Multimodal lm invoker

Defines a base class for multimodal language model invokers used in Gen AI applications.

Authors

Henry Wicaksono (henry.wicaksono@gdplabs.id)

References

NONE

BaseMultimodalLMInvoker(default_hyperparameters=None)

Bases: ABC, Generic[InputType, OutputType]

A base class for multimodal language model invokers used in Gen AI applications.

The BaseMultimodalLMInvoker class provides a framework for invoking multimodal language models with the provided prompt and hyperparameters. The prompt may contain multimodal inputs that is defined by the type variable InputType, while the multimodal output is defined by the type variable OutputType. It handles both standard and streaming invocation.

Attributes:

Name Type Description
default_hyperparameters dict[str, Any]

Default hyperparameters for invoking the multimodal language model.

Initializes a new instance of the BaseMultimodalLMInvoker class.

Parameters:

Name Type Description Default
default_hyperparameters dict[str, Any] | None

Default hyperparameters for invoking the multimodal language model. Defaults to None, in which case an empty dictionary is used.

None

invoke(prompt, hyperparameters=None, event_emitter=None) async

Invokes the multimodal language model with the provided prompt and hyperparameters.

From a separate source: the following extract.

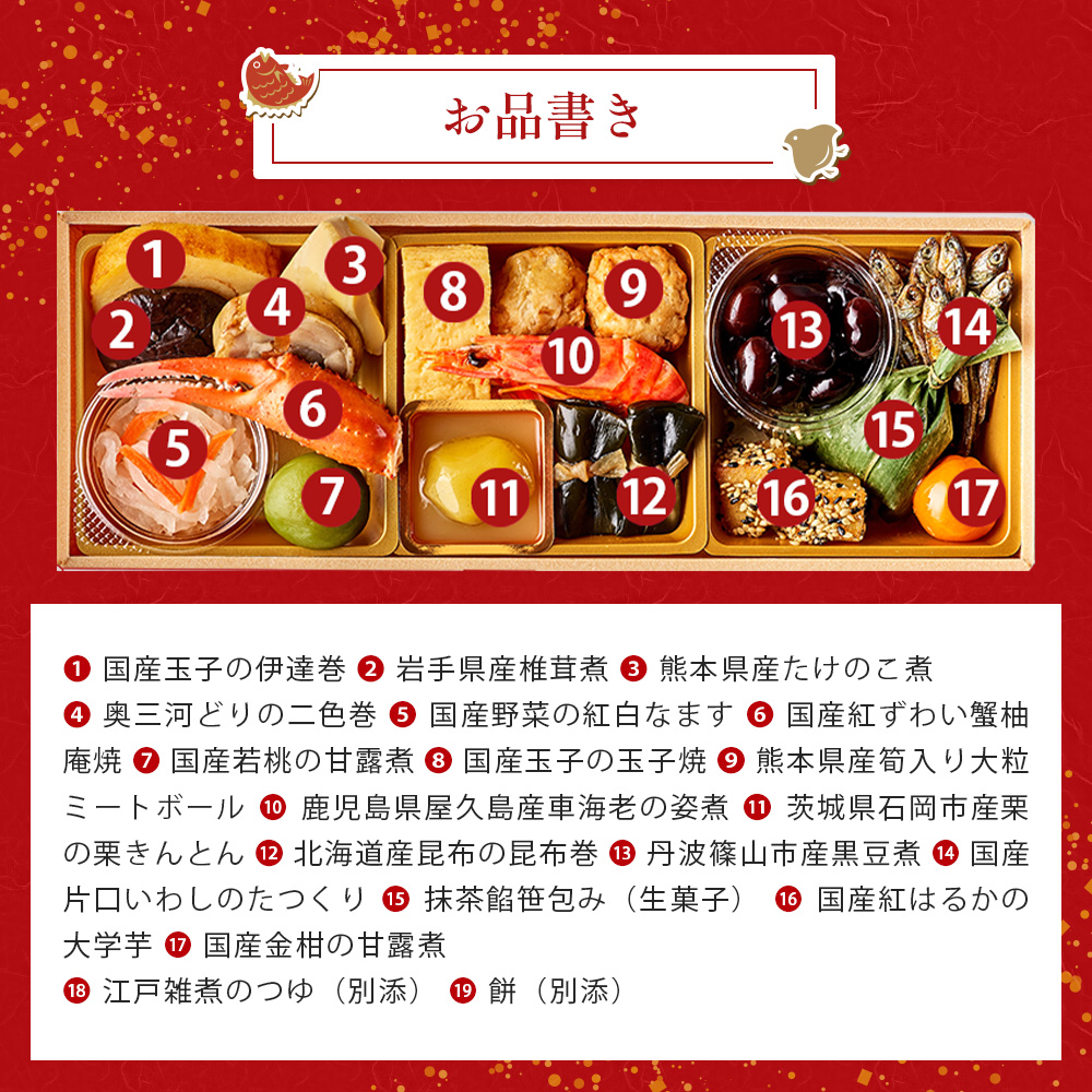 おせちに使う食材の主な原料は全て国産を使用。栗きんとんに使う栗などの原料だけでなく、だしに使う鰹節や昆布なども、全て国内製造または国産のものを使い、伝統的な和風おせちの味を追求しています。

This method validates the prompt and invokes the multimodal language model with the provided prompt and hyperparameters. The prompt may contain multimodal inputs that is defined by the type variable InputType. It handles both standard and streaming invocation. Streaming mode is enabled if an event emitter is provided.

Parameters:

Name Type Description Default
prompt list[tuple[str, list[InputType]]]

The input prompt as a list of tuples containing a role-content list pair. The content list may contain multimodal inputs that is defined by the type variable InputType.

required
hyperparameters dict[str, Any] | None

A dictionary of hyperparameters for the multimodal language model. Defaults to None, in which case the default hyperparameters are used.

None
event_emitter EventEmitter | None

The event emitter for streaming tokens. If provided, streaming invocation is enabled. Defaults to None.

None

Returns:

Name Type Description
OutputType OutputType

The generated response from the multimodal language model.

Raises:

Type Description
ValueError

If the prompt is not in the correct format.